Is one model using binomial equivalent to the other that uses bernoulli?

I am puzzled by two very different ways of modelling a simple binomial case (which, as we know, have a closed-form solution of beta distribution).

Model 1, the straightforward:

//The binomial version
data {
  int<lower=0> N;
  int<lower=0> n;
}

parameters {
  real<lower=0, upper=1> p;
}

model {
  n ~ binomial(N, p);
}

model 2, the bernoulli:

//The bernoulli version
data {
  int<lower=0> N;
  int<lower=0> n;
}

parameters {
  real<lower=0, upper=1> p;
}

model {
  target += bernoulli_lpmf(1|p)*n;
  target += bernoulli_lpmf(1|1-p)*(N-n);
}

I am getting consistently the same results from both approaches, but I cannot prove that they are always equivalent.
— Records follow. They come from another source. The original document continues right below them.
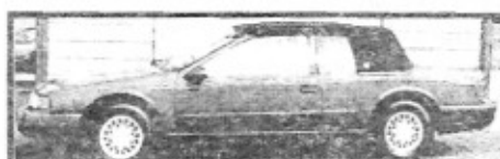
Mercury Cougar, 2dr, auto, Runs Great! Driver Needed!
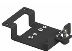
7160-1473 Zebra ZQ620 Printer Bracket
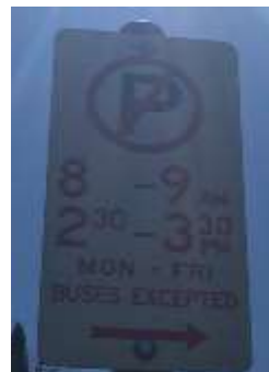
No Parking on a school Day

duty of care to protect our children, please adhere to the no parking dates and times listed on these signs.
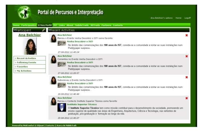
Figure 4: The participant profile.

After the event realization all Participants are entitled to a personal page where they can access information about all events they participated and subscribed, view results and make comments (see Figure 4).
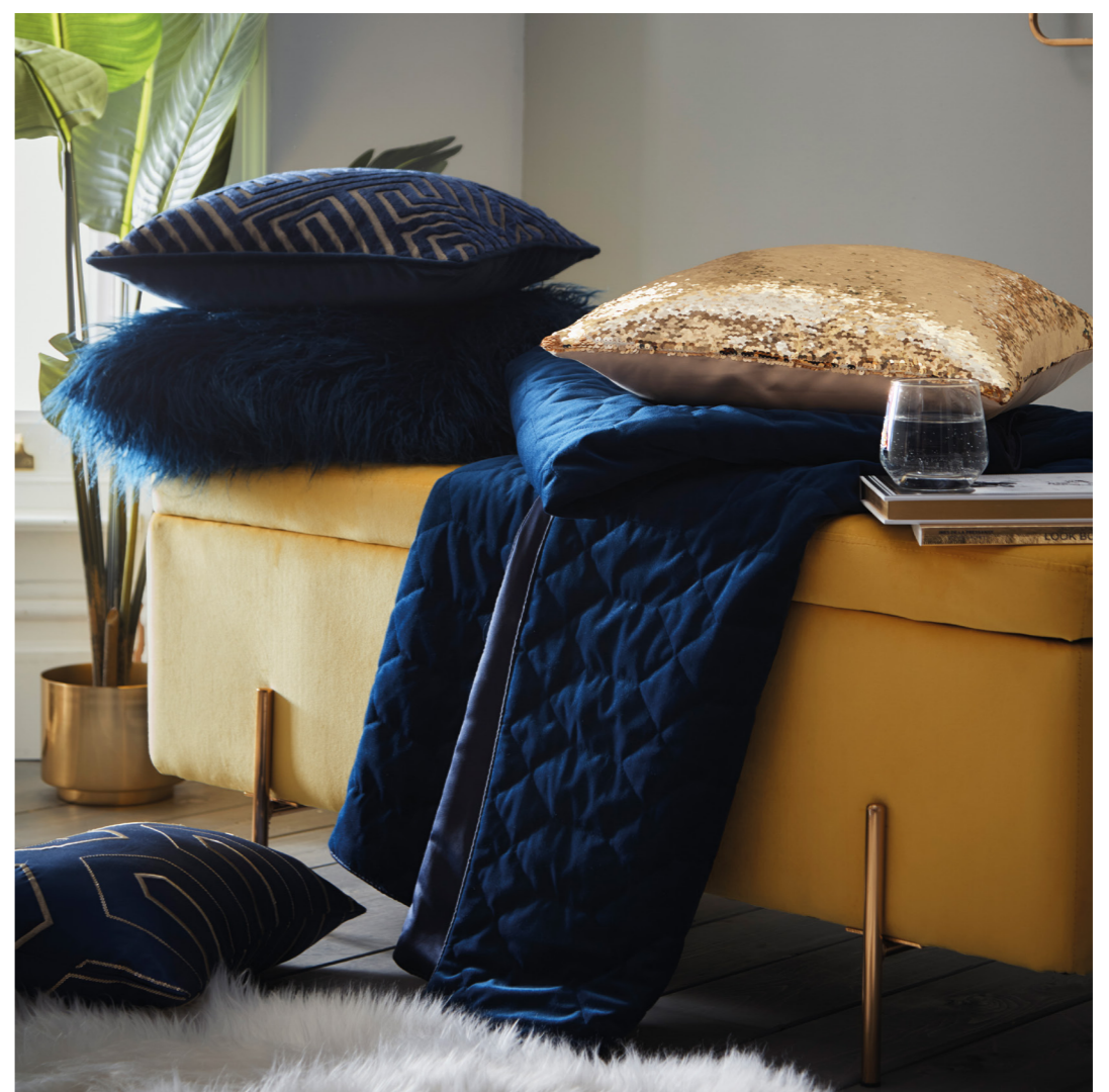
Left top to bottom: Topaz bedlinen midnight, Sequin cushion gold, Faux Mongolian cushion midnight, Knit throw gold Above top to bottom: Faux Mongolian cushion midnight, Sequin cushion gold, Geometric Velvet throw midnight, Phoebe cushion midnight.

A geometric jacquard comprised of intricate tessellated shapes. Topaz midnight adds a stylish edge to your bedroom.
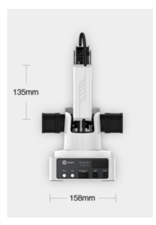
Figure 1. Dobot Magician Arm

Dobot magician has 13 extension ports, 1 programmable key and 2MB offline command storage. One of dobots main characters is its various endeffectors, such as 3D Printer Kit, pen holder, vacuum suction cap, gripper and laser.The
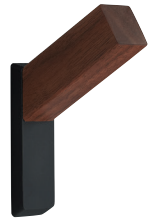
PXB-WM05-111 Available in 3 finishes
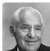
Sam Walton 1918–1992
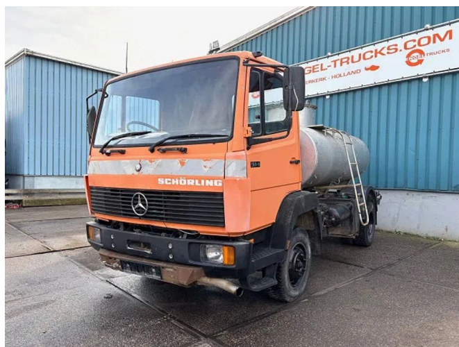
Mercedes-Benz 914 KO RHD 4x2 FULL STEEL TANK TRUCK...
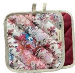
Double-sided potholder Burgundy/Peonies Article: PHBU/P
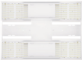
HLG 700 Rspec FR Lamp
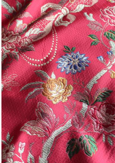
Lace Boquete Multi Colour Tissue
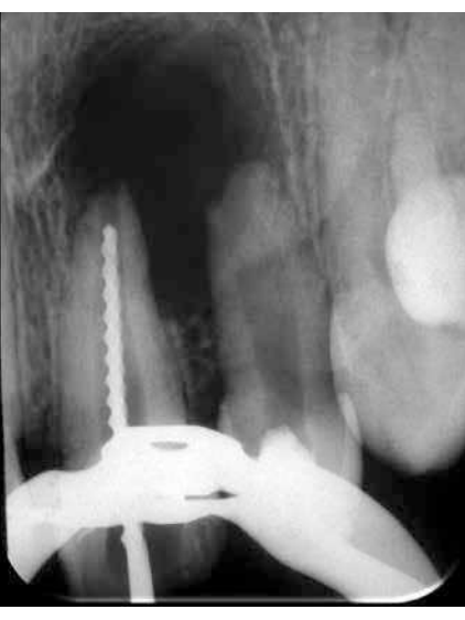
Figure 2. Tooth 21 odontometry for confirmation of the working length.
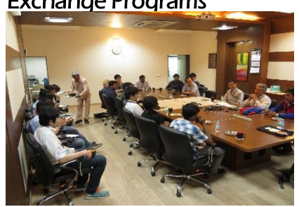
⟨ Workshop in India ⟩

OJAIST conducted short-term mutual student exchanges aimed to participate in international workshops, accepted undergraduate students from partner institutions as the visiting students, and carried out mutual student exchanges for 1 to 3 months under the collaborative education and research co-supervision program. OFor Japanese students participated in an international workshop/seminar, the result of their participation was approved as academic credit by combining with classroom lectures. For Japanese students conducted their research under the collaborative education and research co-supervision program, an internship opportunity was provided at a Japanese company's branch in India. OA coordinator with Indian nationality and staffs in the Center for Global Educational Collaboration attempted to enrich those exchange programs in some ways such as
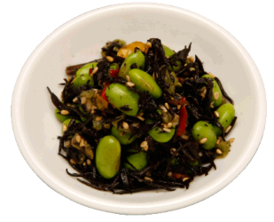
Edamame Salad Soybean Salad
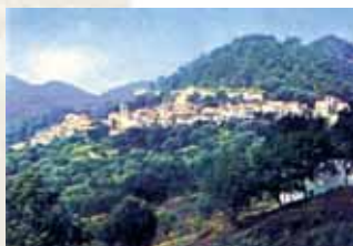
View of San Mauro la Bruca
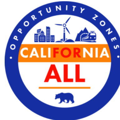
OPPORTUNITY ZONES & PLACE-BASED
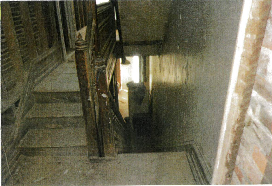
Second floor interior view
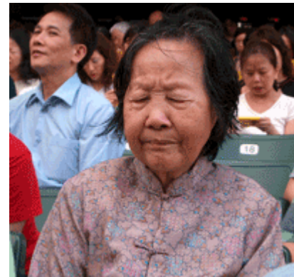
Christians of all ages praying
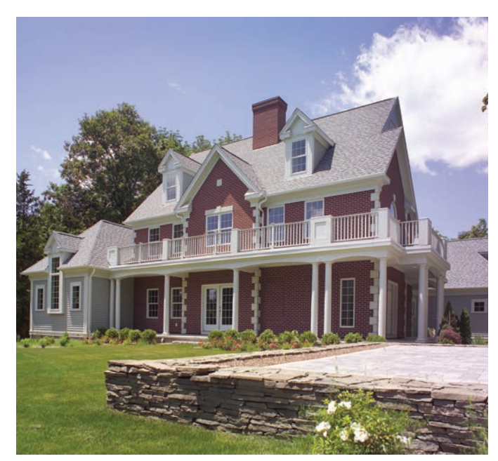
Private Residence | Cumberland, RI

Warranty includes 100% value of labor and materials to replace Dryvit products and wall assembly if damaged.

How can I understand or prove it?

A follow-up on this idea. Here are would-be multinomial models with k elements:

//The binomial version
data {
  int k;
  int<lower=0> ns[k];
}

parameters {
  simplex[k] p;
}

model {
  ns ~ multinomial(p);
}

and

//The bernoulli version
data {
  int k;
  int<lower=0> ns[k];
}

parameters {
  simplex[k] p;
}

model {
  for(i in 1:k) {
    target += bernoulli_lpmf(1|p[i])*ns[i];
  }
}

Again, the models seem to be equivalent.

There is one distinct advantage of the “bernoulli” version - one is not forced to have all the data specified. Imagine the situation where the p simplex is a k-dimensional function of actual parameters. In the bernoulli case, if we miss some ns observations, we simply leave them out in the “model” loop. This is impossible to do in the “multinomial” case.

These two model descriptions have identical log-likelihoods (up to an additive constant), and so are equivalent.

The Binomial log-likelihood is log(binom(N, n)) + n * log(p) + (N - n) * log(1 - p). If you drop the constant then this is exactly what you get with the sum of the two Bernoulli log-likelihoods.

This also holds in the multinomial case. You can replicate the advantage you mention when using the multinomial by setting ns[i] to 0.